Exercise brief = Since only part of the material below is wanted, output exactly the lines from the one with "15187 - عَبْدُ" up to and including the one with "英伟达将取代英特尔,在美东时".

Extracted entries =

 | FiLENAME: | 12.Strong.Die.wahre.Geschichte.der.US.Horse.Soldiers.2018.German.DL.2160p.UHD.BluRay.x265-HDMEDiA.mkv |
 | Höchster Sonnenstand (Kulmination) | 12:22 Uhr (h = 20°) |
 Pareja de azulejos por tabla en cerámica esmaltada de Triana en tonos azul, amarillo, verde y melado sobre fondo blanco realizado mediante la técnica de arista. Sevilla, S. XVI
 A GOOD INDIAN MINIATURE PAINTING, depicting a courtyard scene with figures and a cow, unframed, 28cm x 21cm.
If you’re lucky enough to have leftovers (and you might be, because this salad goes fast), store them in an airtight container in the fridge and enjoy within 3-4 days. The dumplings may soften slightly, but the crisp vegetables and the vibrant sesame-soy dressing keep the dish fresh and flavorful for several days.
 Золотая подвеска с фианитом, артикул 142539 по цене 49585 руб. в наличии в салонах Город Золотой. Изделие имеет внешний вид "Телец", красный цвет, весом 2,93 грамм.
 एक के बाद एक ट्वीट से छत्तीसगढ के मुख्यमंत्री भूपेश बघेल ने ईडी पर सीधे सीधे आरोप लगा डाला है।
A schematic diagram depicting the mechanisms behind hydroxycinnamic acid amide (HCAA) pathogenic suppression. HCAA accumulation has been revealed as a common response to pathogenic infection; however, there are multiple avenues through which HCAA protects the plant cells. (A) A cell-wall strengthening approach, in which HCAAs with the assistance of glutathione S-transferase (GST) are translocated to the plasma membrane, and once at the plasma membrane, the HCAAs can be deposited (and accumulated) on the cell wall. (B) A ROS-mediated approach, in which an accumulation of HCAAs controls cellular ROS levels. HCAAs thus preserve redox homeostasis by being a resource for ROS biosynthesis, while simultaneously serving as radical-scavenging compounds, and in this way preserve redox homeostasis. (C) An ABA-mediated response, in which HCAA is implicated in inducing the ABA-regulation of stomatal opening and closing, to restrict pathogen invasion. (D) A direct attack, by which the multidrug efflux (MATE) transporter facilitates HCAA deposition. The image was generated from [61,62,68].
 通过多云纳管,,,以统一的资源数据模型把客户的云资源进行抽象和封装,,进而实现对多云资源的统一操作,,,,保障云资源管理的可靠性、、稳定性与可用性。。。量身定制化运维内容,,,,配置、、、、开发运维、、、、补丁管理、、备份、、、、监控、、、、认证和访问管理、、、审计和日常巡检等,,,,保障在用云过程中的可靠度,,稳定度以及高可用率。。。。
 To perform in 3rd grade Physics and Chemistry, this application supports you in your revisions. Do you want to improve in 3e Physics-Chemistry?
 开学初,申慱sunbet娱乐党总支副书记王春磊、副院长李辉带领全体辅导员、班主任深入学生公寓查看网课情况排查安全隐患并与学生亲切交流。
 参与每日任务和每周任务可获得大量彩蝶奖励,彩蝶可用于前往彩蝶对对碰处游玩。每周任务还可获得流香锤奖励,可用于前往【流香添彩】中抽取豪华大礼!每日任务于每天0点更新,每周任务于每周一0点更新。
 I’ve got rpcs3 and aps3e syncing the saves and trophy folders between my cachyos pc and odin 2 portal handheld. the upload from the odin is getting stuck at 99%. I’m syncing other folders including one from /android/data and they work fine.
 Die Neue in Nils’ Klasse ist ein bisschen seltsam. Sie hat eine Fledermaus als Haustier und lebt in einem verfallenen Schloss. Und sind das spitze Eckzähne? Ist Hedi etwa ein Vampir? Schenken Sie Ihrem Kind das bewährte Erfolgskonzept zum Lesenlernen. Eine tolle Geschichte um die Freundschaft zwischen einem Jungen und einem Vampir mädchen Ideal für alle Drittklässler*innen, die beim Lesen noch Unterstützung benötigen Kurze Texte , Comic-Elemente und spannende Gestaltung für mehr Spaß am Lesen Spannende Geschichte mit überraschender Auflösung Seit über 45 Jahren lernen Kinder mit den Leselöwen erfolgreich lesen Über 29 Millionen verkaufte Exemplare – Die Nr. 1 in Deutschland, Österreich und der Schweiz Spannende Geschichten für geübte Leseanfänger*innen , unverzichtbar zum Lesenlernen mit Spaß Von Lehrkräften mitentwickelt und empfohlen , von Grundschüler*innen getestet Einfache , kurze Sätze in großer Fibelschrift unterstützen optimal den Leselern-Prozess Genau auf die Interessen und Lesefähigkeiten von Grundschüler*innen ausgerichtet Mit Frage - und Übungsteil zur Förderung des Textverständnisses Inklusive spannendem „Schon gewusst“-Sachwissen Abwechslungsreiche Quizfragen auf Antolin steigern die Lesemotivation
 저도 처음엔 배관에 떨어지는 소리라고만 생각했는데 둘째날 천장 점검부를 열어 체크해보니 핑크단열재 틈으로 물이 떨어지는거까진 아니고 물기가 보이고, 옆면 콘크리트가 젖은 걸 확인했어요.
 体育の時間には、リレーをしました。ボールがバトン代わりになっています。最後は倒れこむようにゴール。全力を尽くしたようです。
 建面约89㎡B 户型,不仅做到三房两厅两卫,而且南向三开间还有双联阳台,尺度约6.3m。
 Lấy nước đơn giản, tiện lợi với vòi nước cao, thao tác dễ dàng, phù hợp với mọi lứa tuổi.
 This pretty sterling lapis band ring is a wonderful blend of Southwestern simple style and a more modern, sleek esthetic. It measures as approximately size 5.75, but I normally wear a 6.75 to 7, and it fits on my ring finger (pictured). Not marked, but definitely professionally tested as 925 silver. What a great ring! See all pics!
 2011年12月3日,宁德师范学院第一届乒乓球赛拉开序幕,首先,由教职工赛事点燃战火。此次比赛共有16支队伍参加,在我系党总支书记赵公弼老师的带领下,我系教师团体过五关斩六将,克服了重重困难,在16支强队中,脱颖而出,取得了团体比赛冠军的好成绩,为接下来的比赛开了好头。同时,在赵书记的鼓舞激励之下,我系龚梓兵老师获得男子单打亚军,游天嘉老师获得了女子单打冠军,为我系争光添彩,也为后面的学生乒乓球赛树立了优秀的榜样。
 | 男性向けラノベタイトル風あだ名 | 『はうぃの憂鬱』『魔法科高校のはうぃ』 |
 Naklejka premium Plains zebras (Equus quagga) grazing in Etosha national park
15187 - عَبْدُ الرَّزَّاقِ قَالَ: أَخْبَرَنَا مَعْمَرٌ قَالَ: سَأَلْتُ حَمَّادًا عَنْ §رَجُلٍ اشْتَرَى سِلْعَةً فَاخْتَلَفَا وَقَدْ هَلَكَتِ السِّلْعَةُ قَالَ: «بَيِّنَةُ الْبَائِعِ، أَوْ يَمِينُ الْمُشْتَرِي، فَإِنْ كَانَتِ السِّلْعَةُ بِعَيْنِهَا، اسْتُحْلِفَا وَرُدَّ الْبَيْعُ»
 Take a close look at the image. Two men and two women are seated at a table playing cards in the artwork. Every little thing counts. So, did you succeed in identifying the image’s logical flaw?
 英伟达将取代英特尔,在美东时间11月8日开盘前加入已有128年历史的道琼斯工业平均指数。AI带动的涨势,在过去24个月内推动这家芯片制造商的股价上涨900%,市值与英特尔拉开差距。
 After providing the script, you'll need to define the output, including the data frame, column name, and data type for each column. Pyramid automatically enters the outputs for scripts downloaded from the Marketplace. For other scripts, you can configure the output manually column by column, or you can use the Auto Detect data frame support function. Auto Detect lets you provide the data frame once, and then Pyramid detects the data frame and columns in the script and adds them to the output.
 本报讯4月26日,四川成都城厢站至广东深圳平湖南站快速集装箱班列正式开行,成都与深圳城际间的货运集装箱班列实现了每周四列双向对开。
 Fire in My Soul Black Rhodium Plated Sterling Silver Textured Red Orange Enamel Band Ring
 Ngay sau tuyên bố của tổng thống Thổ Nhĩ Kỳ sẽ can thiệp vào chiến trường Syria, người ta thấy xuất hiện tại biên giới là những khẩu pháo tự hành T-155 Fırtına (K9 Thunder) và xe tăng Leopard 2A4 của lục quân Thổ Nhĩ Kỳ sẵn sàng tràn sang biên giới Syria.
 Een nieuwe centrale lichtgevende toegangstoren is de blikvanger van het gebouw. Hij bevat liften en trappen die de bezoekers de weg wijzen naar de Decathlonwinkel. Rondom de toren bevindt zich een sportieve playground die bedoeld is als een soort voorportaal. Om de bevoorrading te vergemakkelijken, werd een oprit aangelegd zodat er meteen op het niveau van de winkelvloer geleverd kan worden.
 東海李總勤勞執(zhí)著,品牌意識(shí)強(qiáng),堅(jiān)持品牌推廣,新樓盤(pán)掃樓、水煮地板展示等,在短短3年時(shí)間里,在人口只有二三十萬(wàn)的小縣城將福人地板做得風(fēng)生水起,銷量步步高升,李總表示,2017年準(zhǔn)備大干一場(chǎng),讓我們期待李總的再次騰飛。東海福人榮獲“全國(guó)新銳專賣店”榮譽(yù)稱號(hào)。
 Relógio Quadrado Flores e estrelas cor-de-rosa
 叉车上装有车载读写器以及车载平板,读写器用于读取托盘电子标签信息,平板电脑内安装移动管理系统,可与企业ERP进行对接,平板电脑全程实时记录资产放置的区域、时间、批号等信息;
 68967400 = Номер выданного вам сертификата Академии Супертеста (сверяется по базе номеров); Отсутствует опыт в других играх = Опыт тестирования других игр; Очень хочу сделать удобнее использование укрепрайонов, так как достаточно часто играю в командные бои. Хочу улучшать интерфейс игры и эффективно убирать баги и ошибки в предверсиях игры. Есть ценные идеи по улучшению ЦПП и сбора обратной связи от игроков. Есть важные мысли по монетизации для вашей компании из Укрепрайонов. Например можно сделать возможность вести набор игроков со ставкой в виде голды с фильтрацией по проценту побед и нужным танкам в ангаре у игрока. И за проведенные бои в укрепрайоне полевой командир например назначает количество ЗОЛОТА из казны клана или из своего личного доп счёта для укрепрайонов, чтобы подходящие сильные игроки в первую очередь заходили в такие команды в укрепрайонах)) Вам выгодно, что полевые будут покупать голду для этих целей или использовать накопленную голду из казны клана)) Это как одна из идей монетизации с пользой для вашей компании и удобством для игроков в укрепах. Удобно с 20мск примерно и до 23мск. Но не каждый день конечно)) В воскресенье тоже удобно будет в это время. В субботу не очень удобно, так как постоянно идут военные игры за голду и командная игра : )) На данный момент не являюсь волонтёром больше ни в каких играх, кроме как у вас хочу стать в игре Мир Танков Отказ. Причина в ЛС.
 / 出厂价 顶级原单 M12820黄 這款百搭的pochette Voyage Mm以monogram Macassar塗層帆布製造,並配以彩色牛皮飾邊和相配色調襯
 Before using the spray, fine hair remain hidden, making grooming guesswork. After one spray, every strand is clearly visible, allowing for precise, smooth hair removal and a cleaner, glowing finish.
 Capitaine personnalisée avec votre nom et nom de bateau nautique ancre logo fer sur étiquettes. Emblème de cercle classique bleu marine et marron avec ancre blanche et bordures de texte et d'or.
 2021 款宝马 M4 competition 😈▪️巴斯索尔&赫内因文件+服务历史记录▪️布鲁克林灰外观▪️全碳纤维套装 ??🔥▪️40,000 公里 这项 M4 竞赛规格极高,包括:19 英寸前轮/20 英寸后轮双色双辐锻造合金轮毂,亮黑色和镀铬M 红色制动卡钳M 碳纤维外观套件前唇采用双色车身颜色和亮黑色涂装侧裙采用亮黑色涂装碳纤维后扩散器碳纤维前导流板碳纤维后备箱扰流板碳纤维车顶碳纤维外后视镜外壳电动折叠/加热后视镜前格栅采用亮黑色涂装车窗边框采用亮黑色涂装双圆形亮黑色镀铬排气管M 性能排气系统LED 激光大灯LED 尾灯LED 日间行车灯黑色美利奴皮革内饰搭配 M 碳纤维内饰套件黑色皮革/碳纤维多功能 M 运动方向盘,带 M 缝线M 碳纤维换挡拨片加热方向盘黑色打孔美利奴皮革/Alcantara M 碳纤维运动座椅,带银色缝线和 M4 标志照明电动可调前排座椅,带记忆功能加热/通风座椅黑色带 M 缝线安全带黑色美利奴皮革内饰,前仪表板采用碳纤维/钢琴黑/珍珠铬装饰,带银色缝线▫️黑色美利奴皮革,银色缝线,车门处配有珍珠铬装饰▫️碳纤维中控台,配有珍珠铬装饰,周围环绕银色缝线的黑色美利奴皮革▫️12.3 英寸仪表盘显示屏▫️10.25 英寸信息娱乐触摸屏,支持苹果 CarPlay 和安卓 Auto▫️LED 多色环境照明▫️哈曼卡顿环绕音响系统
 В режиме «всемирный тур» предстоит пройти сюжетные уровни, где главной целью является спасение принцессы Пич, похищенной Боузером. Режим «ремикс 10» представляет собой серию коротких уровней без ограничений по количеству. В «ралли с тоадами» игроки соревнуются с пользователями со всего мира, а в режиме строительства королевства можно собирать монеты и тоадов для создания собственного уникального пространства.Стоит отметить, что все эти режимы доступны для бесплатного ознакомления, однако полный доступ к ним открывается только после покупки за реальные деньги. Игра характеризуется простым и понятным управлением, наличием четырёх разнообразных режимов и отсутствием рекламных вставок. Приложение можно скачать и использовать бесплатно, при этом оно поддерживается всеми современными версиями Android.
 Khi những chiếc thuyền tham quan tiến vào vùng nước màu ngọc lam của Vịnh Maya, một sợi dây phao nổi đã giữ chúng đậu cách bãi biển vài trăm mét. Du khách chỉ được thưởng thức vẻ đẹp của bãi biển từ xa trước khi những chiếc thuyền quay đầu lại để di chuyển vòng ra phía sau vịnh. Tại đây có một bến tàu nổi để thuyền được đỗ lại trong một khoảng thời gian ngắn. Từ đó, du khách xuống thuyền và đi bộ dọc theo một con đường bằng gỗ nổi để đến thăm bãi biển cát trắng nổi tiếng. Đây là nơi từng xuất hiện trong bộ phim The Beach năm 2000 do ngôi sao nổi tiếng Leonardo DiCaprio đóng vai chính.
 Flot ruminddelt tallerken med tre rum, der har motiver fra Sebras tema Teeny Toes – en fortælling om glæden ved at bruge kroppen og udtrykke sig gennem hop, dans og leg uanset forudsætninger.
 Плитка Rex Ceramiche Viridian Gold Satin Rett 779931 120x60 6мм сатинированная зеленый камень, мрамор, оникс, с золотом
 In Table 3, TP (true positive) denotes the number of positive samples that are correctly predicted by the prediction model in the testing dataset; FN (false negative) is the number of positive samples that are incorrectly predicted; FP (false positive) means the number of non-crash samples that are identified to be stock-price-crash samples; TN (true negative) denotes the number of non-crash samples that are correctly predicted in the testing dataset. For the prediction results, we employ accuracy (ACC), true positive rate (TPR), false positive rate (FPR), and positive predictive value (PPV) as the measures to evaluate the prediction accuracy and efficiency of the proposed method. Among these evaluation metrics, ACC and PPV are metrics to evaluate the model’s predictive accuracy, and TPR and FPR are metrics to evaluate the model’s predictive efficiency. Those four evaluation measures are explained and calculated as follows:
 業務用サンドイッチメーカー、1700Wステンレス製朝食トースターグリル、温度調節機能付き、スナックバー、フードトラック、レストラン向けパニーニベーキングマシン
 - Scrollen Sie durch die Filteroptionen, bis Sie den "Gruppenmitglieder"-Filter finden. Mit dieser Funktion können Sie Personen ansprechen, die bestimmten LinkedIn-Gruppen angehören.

Solution for this exercise =
15187 - عَبْدُ الرَّزَّاقِ قَالَ: أَخْبَرَنَا مَعْمَرٌ قَالَ: سَأَلْتُ حَمَّادًا عَنْ §رَجُلٍ اشْتَرَى سِلْعَةً فَاخْتَلَفَا وَقَدْ هَلَكَتِ السِّلْعَةُ قَالَ: «بَيِّنَةُ الْبَائِعِ، أَوْ يَمِينُ الْمُشْتَرِي، فَإِنْ كَانَتِ السِّلْعَةُ بِعَيْنِهَا، اسْتُحْلِفَا وَرُدَّ الْبَيْعُ»
 Take a close look at the image. Two men and two women are seated at a table playing cards in the artwork. Every little thing counts. So, did you succeed in identifying the image’s logical flaw?
 英伟达将取代英特尔,在美东时间11月8日开盘前加入已有128年历史的道琼斯工业平均指数。AI带动的涨势,在过去24个月内推动这家芯片制造商的股价上涨900%,市值与英特尔拉开差距。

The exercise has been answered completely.